Southeast Asia: The Next Destination in Luxury Living

Why the rich are looking to Southeast Asia for their next big property purchase.
Thursday 7 June 2018
Photo: iStock

Not a world apart from Tokyo, Hong Kong or Shanghai, luxury living is no longer the exception in cities such as Singapore, Kuala Lumpur or Bangkok where more and more global high-flyers call home.

A coveted address or bespoke abode speaks volumes about one’s lot and level in life.

These days, it’s more than just about ‘location, location, location’ as savvy investors have substituted that old adage with Location, Concept and Pricing.

These are the elements that will make or break a piece of real estate. One such investor is Christopher Lim, CEO of property development firm Triterra Metropolis.

“The Klang Valley is not only experiencing a migration boom locally but is also benefiting from the growing ASEAN region and cross-border collaborations,” Lim says, using Malaysia as an example.

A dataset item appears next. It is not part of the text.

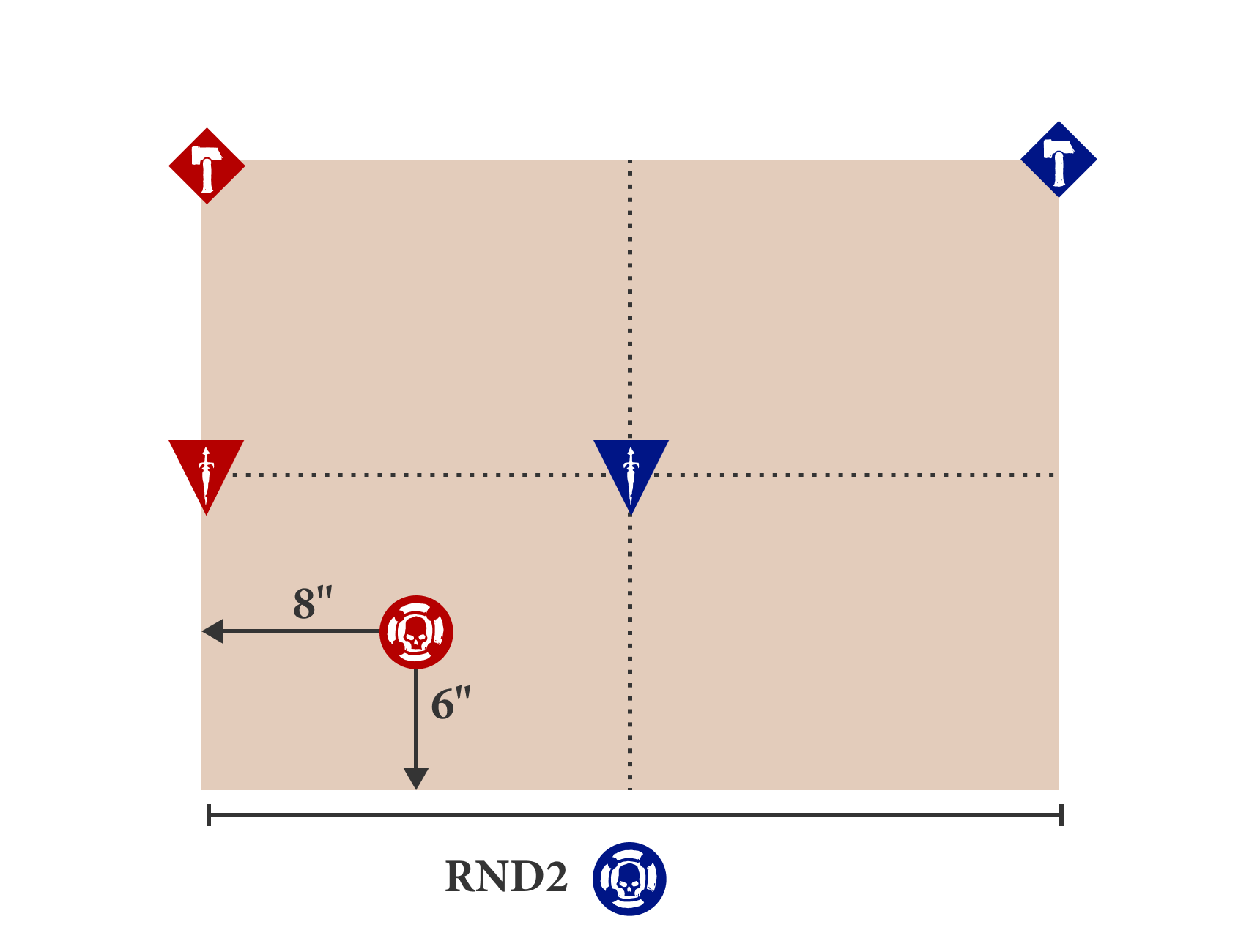 Use the deployment map below. The defender is blue and the attacker is red.

“Malaysia has the right fundamentals in population growth – a young population, infrastructure boom within the Klang Valley and favourable government policies to attract foreign participation in our economy in line with ASEAN’s integration,” Lim adds.

“Our property market is always regarded as very reasonable and open compared to other cities in the region and very attractive to investors from abroad, even in the luxury segment.”

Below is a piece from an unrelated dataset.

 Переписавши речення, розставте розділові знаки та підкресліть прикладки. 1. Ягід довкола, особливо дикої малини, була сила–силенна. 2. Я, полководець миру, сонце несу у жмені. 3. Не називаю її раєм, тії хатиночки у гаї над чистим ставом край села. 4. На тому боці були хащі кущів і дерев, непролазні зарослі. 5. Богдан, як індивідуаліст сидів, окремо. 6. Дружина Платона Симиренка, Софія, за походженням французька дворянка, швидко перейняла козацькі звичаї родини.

But what exactly makes a neighbourhood exclusive? Is it merely a place that is desired by many, but within the reach of a few?

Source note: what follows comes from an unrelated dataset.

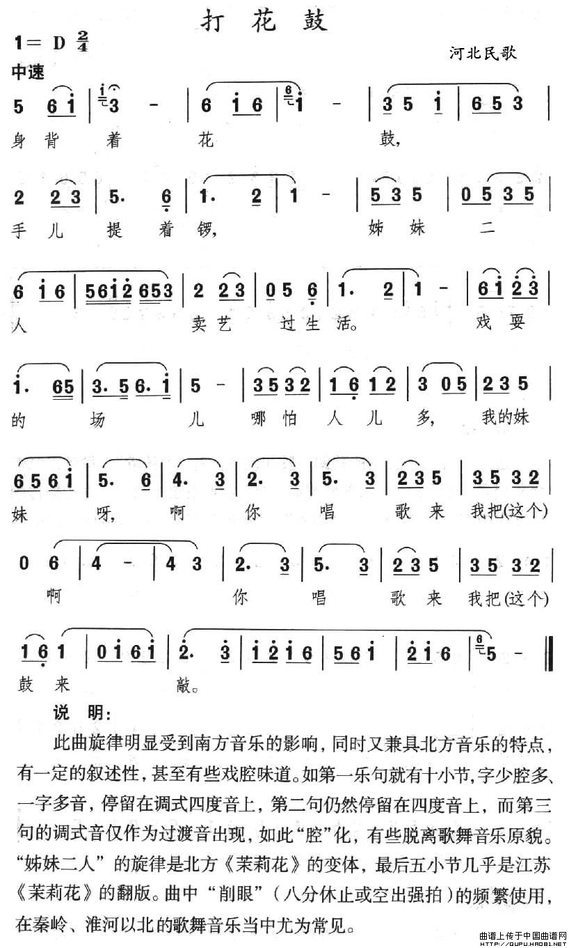关于《打花鼓》曲谱的评论

There are more factors to consider.

phuket-villa - southeast asia
Photo: iStock

Related: ASEAN: Is There a Point To It

Trends and Factors

Asia has not been spared from the economic turmoil of recent years but many believe that ASEAN in particular is set to boom once the emerging economies come of age.

Accords are struck to encourage and enhance trade, especially with China. With that comes an influx of investments and people as the ASEAN region and its 10 member states become the next investment frontier. But where, oh where, will they live?

Too big or too small?

The property market – especially the luxury market – is expected to be sluggish this year. But then again, all sectors are still recovering from a challenging period. Any lethargy in this segment may be put down to “wrong sizing” where the market takes a hit due to mismatched products; not everyone wants a Bentley when a Beemer will do, for now.

Who’s coming over?

Philip Gan, principal and co-founder of Property Hub’s KLCC branch believes that although the appeal of KL as a business and investment hub is still strong, the profile of the people flocking to Malaysia is changing.

“The transformation of Kuala Lumpur over the past decade has been monumental in terms of its impact on the wider economy and the composition of visitors to Malaysia,” says Gan.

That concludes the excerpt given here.